Kynea number

A Kynea number is an integer of the form

$4^{n}+2^{n+1}-1$ .

An equivalent formula is

$(2^{n}+1)^{2}-2$ .

This indicates that a Kynea number is the nth power of 4 plus the (n + 1)th Mersenne number. Kynea numbers were studied by Cletus Emmanuel who named them after a baby girl.

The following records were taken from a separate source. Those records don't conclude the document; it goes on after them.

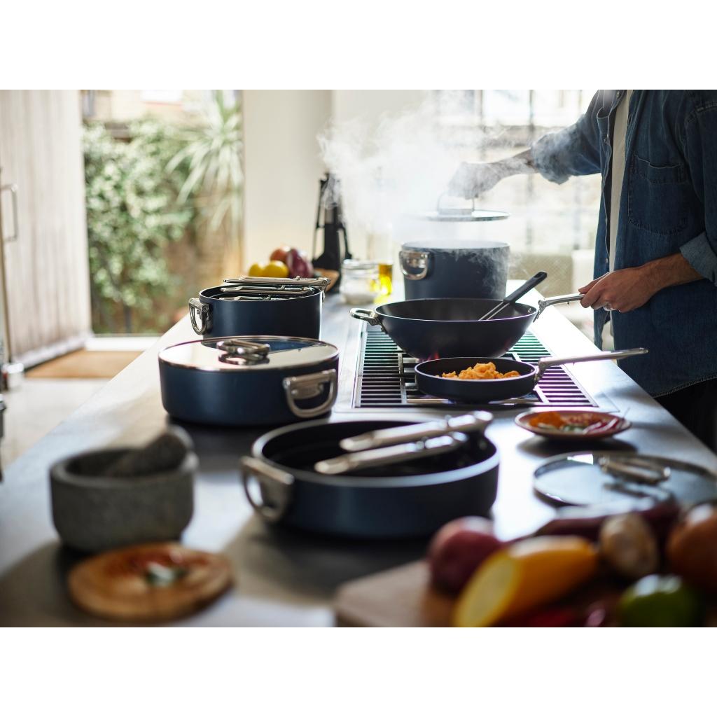 Không phải tất cả các loại chảo đều được tạo ra như nhau. Xin giới thiệu Space, dòng sản phẩm đồ nấu nướng chất lượng chuyên nghiệp mang tính cách mạng của chúng tôi, được hoàn thiện bằng màu Midnight Blue cao cấp.
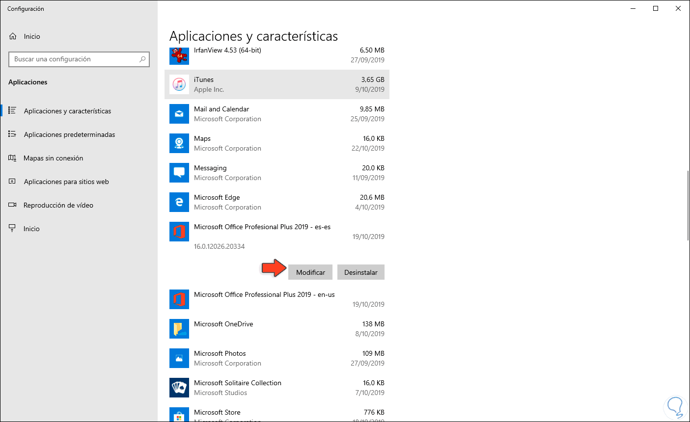 Seleccionamos la categoría “Aplicaciones” y en la siguiente ventana vamos a “Aplicaciones y características” y ubicaremos la suite de Office instalada, la seleccionamos y se desplegará el botón “Modificar”:
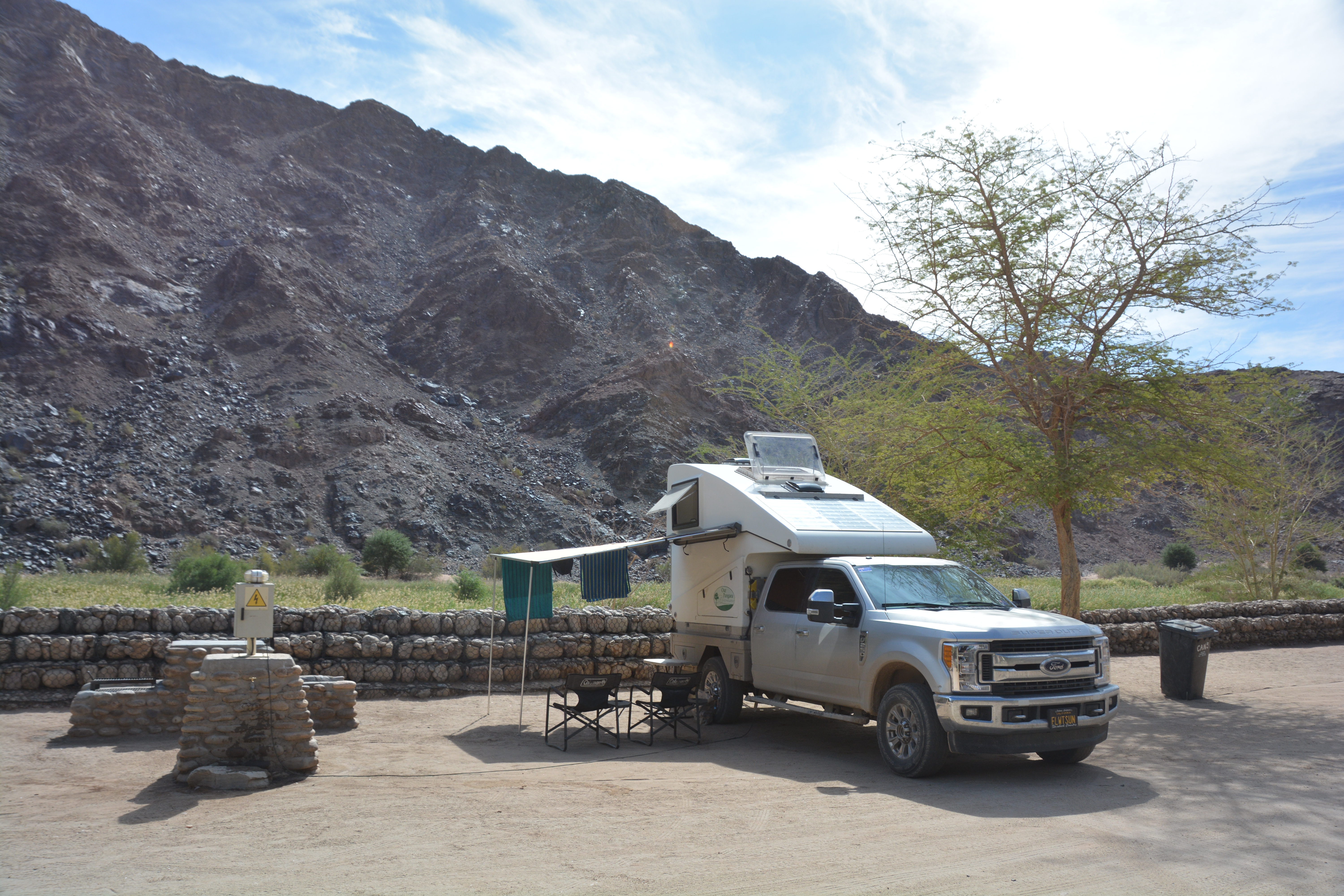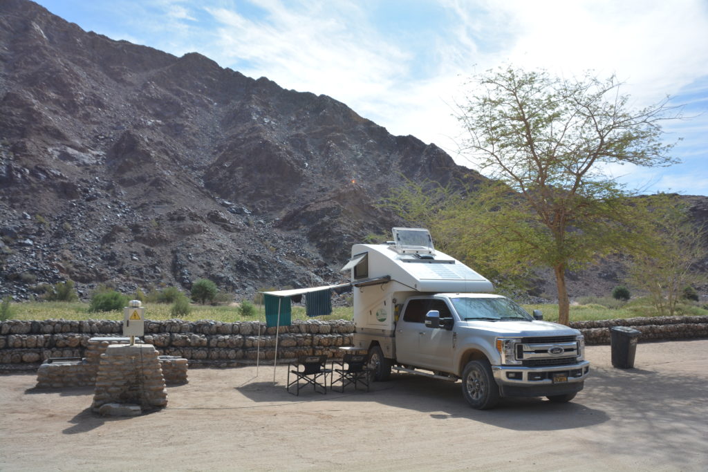 We followed the winding dirt road up and down and through the red rock mountains until we popped out at the hot springs at a place called Ai Ais which is in the…wait for it…Ai Ais National Park. It was Easter weekend but they had room for us to camp and we set up on the banks of the Fish River after a relaxing swim in the warm spring waters of the huge swimming pool. The afternoon was lazy and relaxed, taking in the dramatic rock walls of the river canyon, talking to many fellow campers about Tramp – as always, and patting ourselves on the back for finding a way to extend our time in Namibia by one more night.

The sequence of Kynea numbers starts with:

7, 23, 79, 287, 1087, 4223, 16639, 66047, 263167, 1050623, 4198399, 16785407, ... (sequence A093069 in the OEIS).

Properties

The binary representation of the nth Kynea number is a single leading one, followed by n - 1 consecutive zeroes, followed by n + 1 consecutive ones, or to put it algebraically:

$4^{n}+\sum _{i=0}^{n}2^{i}.$ So, for example, 23 is 10111 in binary, 79 is 1001111, etc. The difference between the nth Kynea number and the nth Carol number is the (n + 2)th power of two.

Prime Kynea numbers

 Kynea numbers n Decimal Binary 1 7 111 2 23 10111 3 79 1001111 4 287 100011111 5 1087 10000111111 6 4223 1000001111111 7 16639 100000011111111 8 66047 10000000111111111 9 263167 1000000001111111111

Starting with 7, every third Kynea number is a multiple of 7. Thus, for a Kynea number to be a prime number, its index n cannot be of the form 3x + 1 for x > 0. The first few Kynea numbers that are also prime are 7, 23, 79, 1087, 66047, 263167, 16785407 (sequence A091514 in the OEIS).

Their n values are: 1, 2, 3, 5, 8, 9, 12, 15, 17, 18, 21, 23, 27, 32, 51, 65, 87, 180, 242, 467, ... (sequence A091513 in the OEIS).

As of July 2019, the largest known prime Kynea number has index n = 852770, which has 513419 digits. It was found by Ryan Propper in July 2019 using the programs CKSieve and PrimeFormGW. It is the 51st Kynea prime.